FVIII-EHL has been shown to improve clinical outcomes and reduce treatment burden in HA patients.4,5 The primary objective of the present study was to analyse differences in pharmacokinetic (PK) and clinical parameters (bleeding rates and joint health) before and after switching from standard half-life (SHL) FVIII to pegylated FVIII-EHL (PEG-FVIII) in patients with severe/moderate HA on prophylaxis with WAPPS-Hemo®.6 Secondary objectives were to analyse the t1/2 ratio and area under the curve (AUC), frequency and consumption of FVIII, and economic costs avoided after switching, and to make an indirect comparison between the PEG-FVIII studied.
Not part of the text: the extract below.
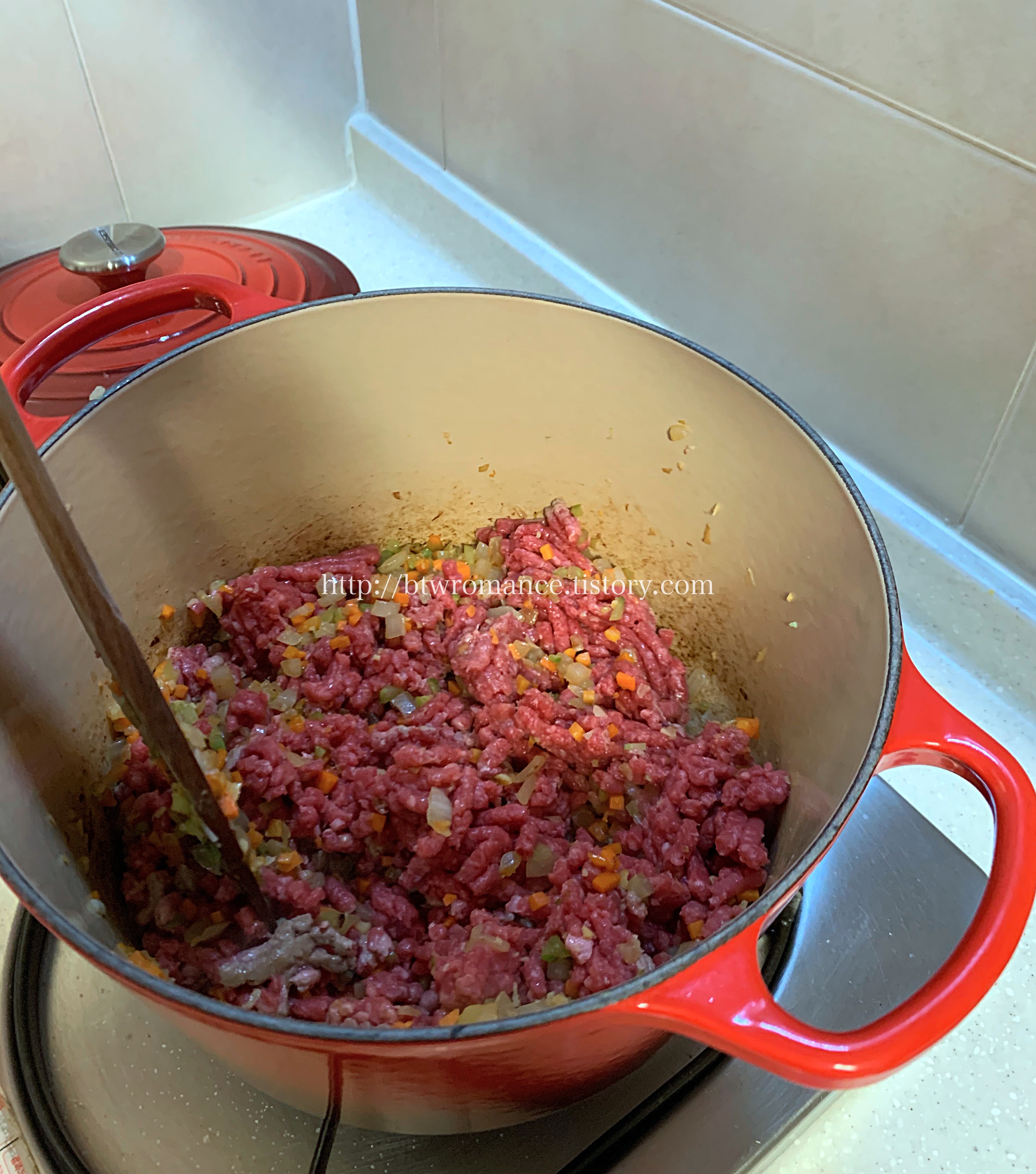 요즘 내가 즐겨하는요리 중 하나는 라구소스 인데, 이것에서 변형된것이 볼로네제파스타 ? 쉽게 말해서 간 고기가 들어가 있는 토마토소스이다.
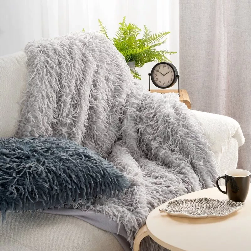 Adore Blanket, zottelige, pelzige Tagesdecke, Eurocurtains, Silber

MethodsStudy design and population

Single-centre, comparative, observational, sequential, retrospective, multidisciplinary, single-centre study approved by the local Clinical Research Ethics Committee on 26 January 2022 in accordance with the principles of the Declaration of Helsinki (HUF-PKFVIII-2022-01). This study was conducted according to standard clinical practice criteria from January 2022 to December 2023, and no special treatment intervention was required.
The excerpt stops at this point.